The life of Henry Jackson Van Dyke, Sr. tells more than the story of one individual. He was noted in the first part of his ministry as a conservative advocate of denominational particulars, a fierce opponent of abolitionism, and a loyal friend of the South. Late in his career, Van Dyke worked for a broad church where theological tolerance would reign. A graduate of Princeton Theological Seminary, Van Dyke began his clerical career as pastor of the New School Second Church in Bridgeton, New Jersey, formed by dissidents from the Old School First Church. In time he decided he was an Old School pastor after all and moved on to an Old School ministry at the First Presbyterian Church in Brooklyn, New York, where he served the balance of his long career. Van Dyke‘s conservative views put him in opposition to the Second Great Awakening of religious revivalism sweeping the U.S. at the time. These spiritual and political awakenings, which ultimately led to the abolitionist and suffragist movements, attempted to wring social change from scripture. In contrast, Van Dyke believed with all his heart - and for most of his life - that social change was not the mission of the church.

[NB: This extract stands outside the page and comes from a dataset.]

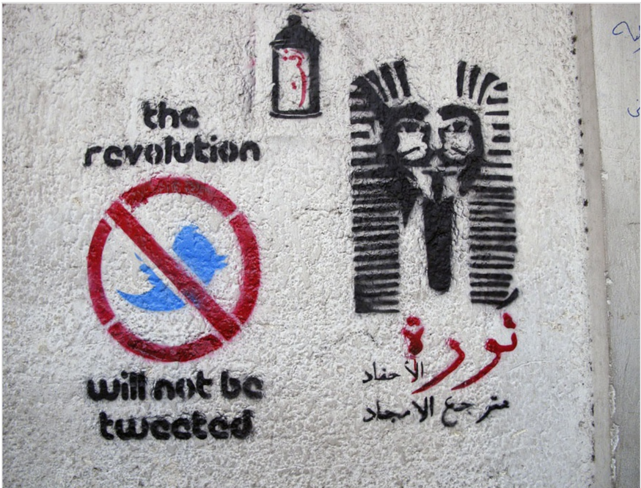
Tahrir Square, Cairo, Egypt, June 2011.

Ten years later, with virtual access to the rest of the world, Egyptian online activists surfaced, preparing the terrain for what would later transform the Middle East and the world at large. By 2006, the Egyptian blogosphere had become the largest in the region, and the World Wide Web an alternative space for political opposition and resistance. On 6 April 2008, textile mill workers organized alongside Egyptian activists using Facebook, blogs, text messaging, independent media and word-of-mouth, strikes and protests known as the Mahalla Factory Protests throughout the country. The 6th April movement - which was created following these events, later played a major role during the 2011 uprisings. Egyptian activist Hossam el-Hamalawy, blogged: 'the revolution will be flickrised,' pointing to the need to document and disseminate the regime's repressive procedures, concealed persistently for 30 years. This was never truer than during those 18 days. The 2011 Arab uprisings, and in particular Tahrir Square – whether seen as a failed set of political revolutions or revolutions still in progress – undoubtedly marked a turning point in history.

The Lectures and Sermons collection reflects the extent to which Van Dyke‘s beliefs changed (in some cases greatly, in others not at all) during the course of his ministry. Perhaps his most famous sermon, delivered in 1860, excoriated abolitionism as “the chief cause of...the danger that threatens our country.” Muted for most of the Civil War, he nonetheless published a pamphlet in 1864 taking vigorous exception to the Emancipation Proclamation. Following the war, the American Presbyterian Church began a process of reconciliation - Old and New School, North and South. As a conservative with ties to Southern churches, Van Dyke played an important role in mediating the Presbyterian General Assembly dispute of the 1870s. By the end of his life, he was able to declare, “If we cannot have liberty and orthodoxy, let us have liberty and go without orthodoxy.” In Moorhead‘s words, he had become the “conservative apostle of a broad church.” All the sermons and lectures in the ProQuest collection have been microfilmed from Van Dyke‘s handwritten originals, including both outlines and complete texts. Together they help historical researchers trace the evolution of American Protestant thought during a century marked by disputes over the very concept of polity, both doctrinal and political.